The patience method can be advantageous for the GMM refinement as
sometimes the model will only improve a little between steps, and the
variance between these values can fall below the threshold for stopping
the refinement even though the model is still improving. Finally, there
is the --convergence-timeout
flag. This sets the maximum
number of steps to run before just stopping refinement. In our case we
stopped after 100 steps, even though the model was still improving. We
could probably squeeze out some further improvements with more steps,
but this is probably enough to illustrate what kind of improvements you
can expect with the GMM refinement.
Quantifying the improvement in fit with SMOC
We can again quantify our improvement in fit using the SMOC score. For reference, we will include both our starting AlphaFold model, and the output from flexible fitting, that we used as input for this refinement.
TEMPy.smoc \
--models data/tutorial-01/docked.pdb \
out/flex-fit/tutorial-01/final.pdb \
out/refine/tutorial-01/final.pdb \
--map data/tutorial-01/map.mrc \
--resolution 3.8 \
--output-format png \
--plot-type residue \
--model-names "Starting Model" "Flexible Fitting Model" "GMM Refined Model" \
--output-prefix out/refine/tutorial-01/smoc
Again, we output the plot as a png file into the directory with our
saved models (the file is named:
out/refine/tutorial-01/smoc_chain-A.png
). If we view the
plot we can see that the GMM refinement has further improved the model
fit:
However, we don’t see another massive improvement in the SMOC score, similar to what we observed with flexible fitting. That’s primarily because our flexibly fit model was already a reasonable fit to the cryo-EM map, and the GMM refinement just needed to fix some remaining small errors.

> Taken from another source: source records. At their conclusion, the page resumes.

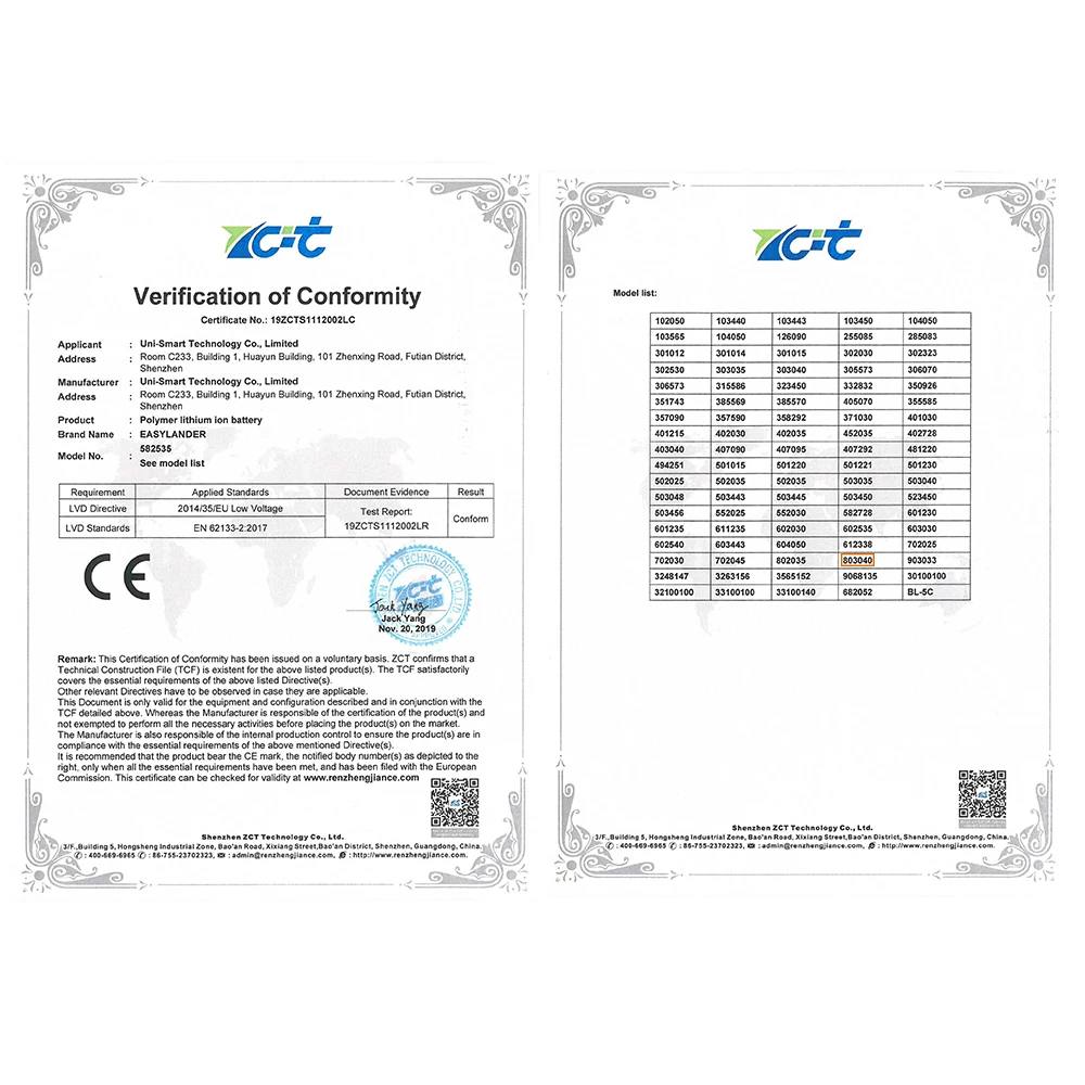 Номер модели3.7v battery 803040
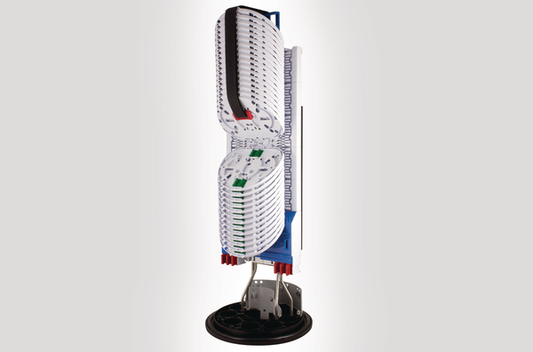 - Gerenciamento positivo de fibra para assegurar raio de curvatura consistente mínimo de 30mm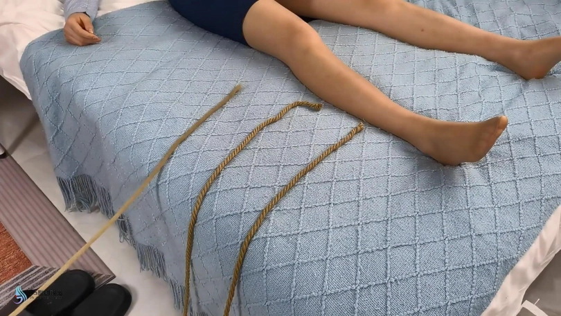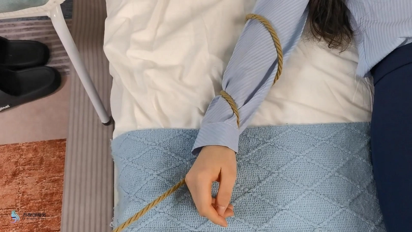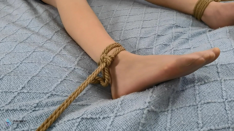 第二天,A把锁换了(拍出A用钥匙开门关门即可)继续在房间休息,然后找工作。晚上A躺在床上,穿着丝袜活动着自己可爱的脚丫(丝袜特写)双手抱头心想:“不需要交房租,省下我一大笔开支,嘻嘻嘻”想着想着,A开始继续放肆地活动自己的脚丫(丝袜特写)从此,A过上了一段时间早上起床找工作,晚上回这间房间吃饭睡觉的生活习惯。有一天晚上,A在睡觉的时候,突然从房间里窜出四根绳子,像蛇一样慢慢爬上了A的床。左右手各一根,双腿各一根。双手的绳子以左右胳膊为中心,从外往里缠卷;双腿的绳子,从脚踝出发向大腿缠卷.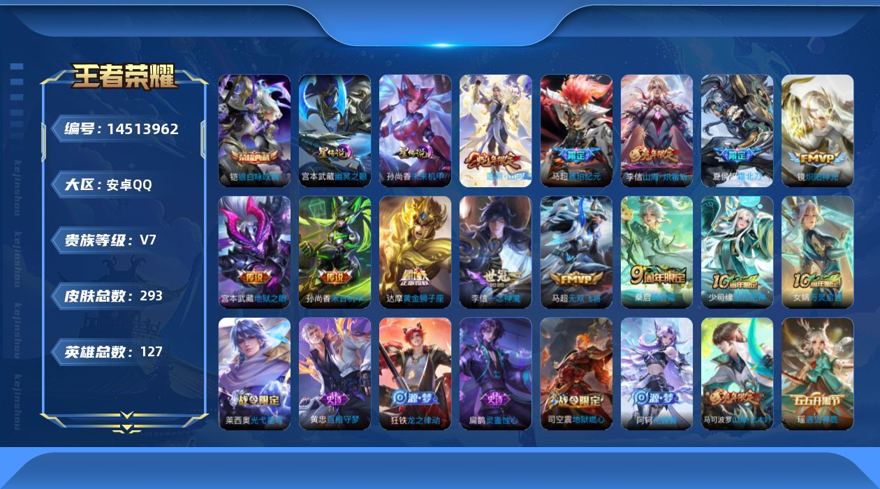 [14513962]【店主推荐捡漏号!可直接换绑】万战凯、万战司空震、万战宫本武藏,对抗路54段、打野48段,安卓Q-V7-最强王者段位-127英雄-293皮肤-1典藏皮肤-2星传说-12传说-76史诗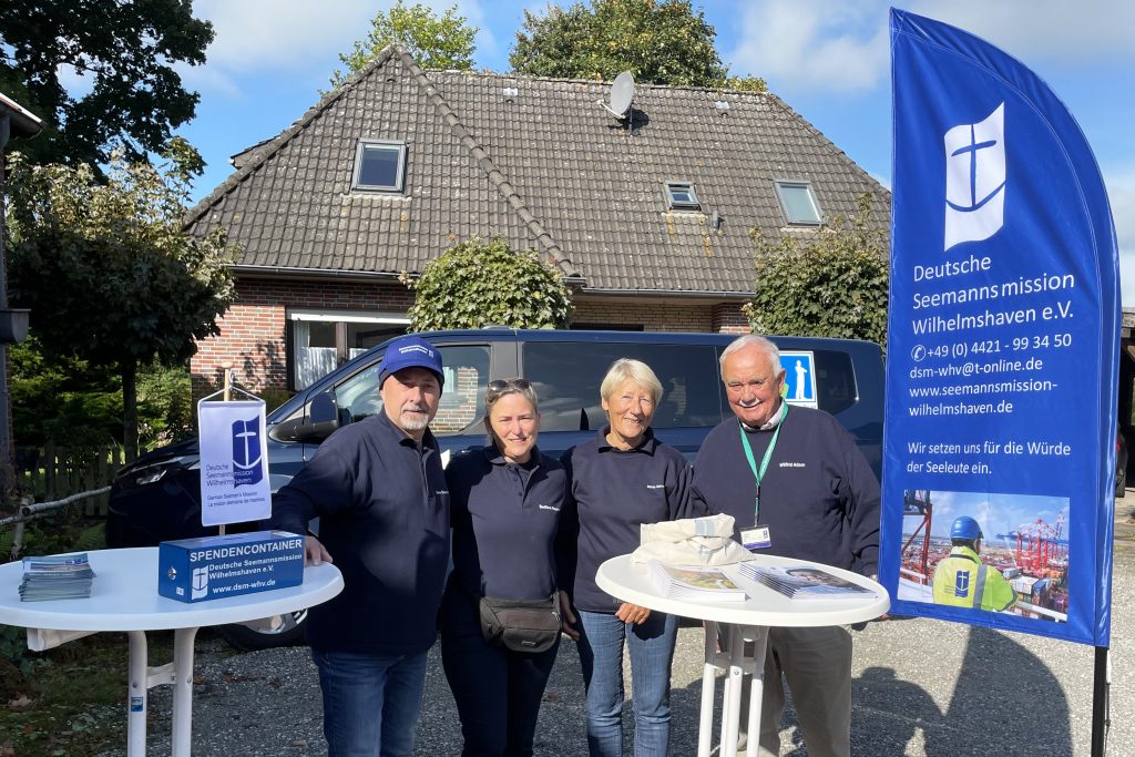 Die Kirchengemeinde Fedderwarden feierte am Sonntag, 14. September, ein besonderes Jubiläum: Vor 775 Jahren wurde ihre St. Stephanus-Kirche erbaut. Zu dem kleinen Fest im und am Gemeindehaus war die Deutsche Seemannsmission eingeladen worden, die sich dort mit einem Informationsstand präsentierte. Rede und Antwort standen von links die Schiffsbesucher Uwe Sassenburg, Bettina Stumpf, Dörte Salverius und Vorsitzender Wilfrid Adam sowie Seemannspastor Dr. Klaus Lemke-Paetznick (nicht im Bild).

Visualising the refined model.
We can visualise the changes to our model, using ChimeraX:
chimerax \
data/tutorial-01/map.mrc \
out/flex-fit/tutorial-01/final.pdb \
out/refine/tutorial-01/final.pdb
This time, lets view all the atoms (rather than just secondary
structure), using either the command show all
or clicking
the Show Atoms
button on the toolbar. TEMPy-ReFF models
contain hydrogen atoms, which are required for the openMM simulations.
These can make viewing the models a little messy, so we can hide them
using the hide H
command. You should see something like
this:
with the flexible fitting model in pink, and the GMM refined model in green. Similar to what we observed in the SMOC plot, we only see subtle changes after refinement.
Summary
To summarise, we recommend the following workflow for most model fitting problems, particularly those starting from AlphaFold predictions:
- Run a round of flexible fitting with RIBFIND2 restraints.
- Refine this flexibly fit model using a GMM refinement.
Furthermore, we strongly recommend using --platform-cuda
for refinements (i.e. using the GPU for calculations), where possible.
This is much, much faster than using the CPU. If no platform argument is
specified, TEMPy-ReFF will try and use the best available platform.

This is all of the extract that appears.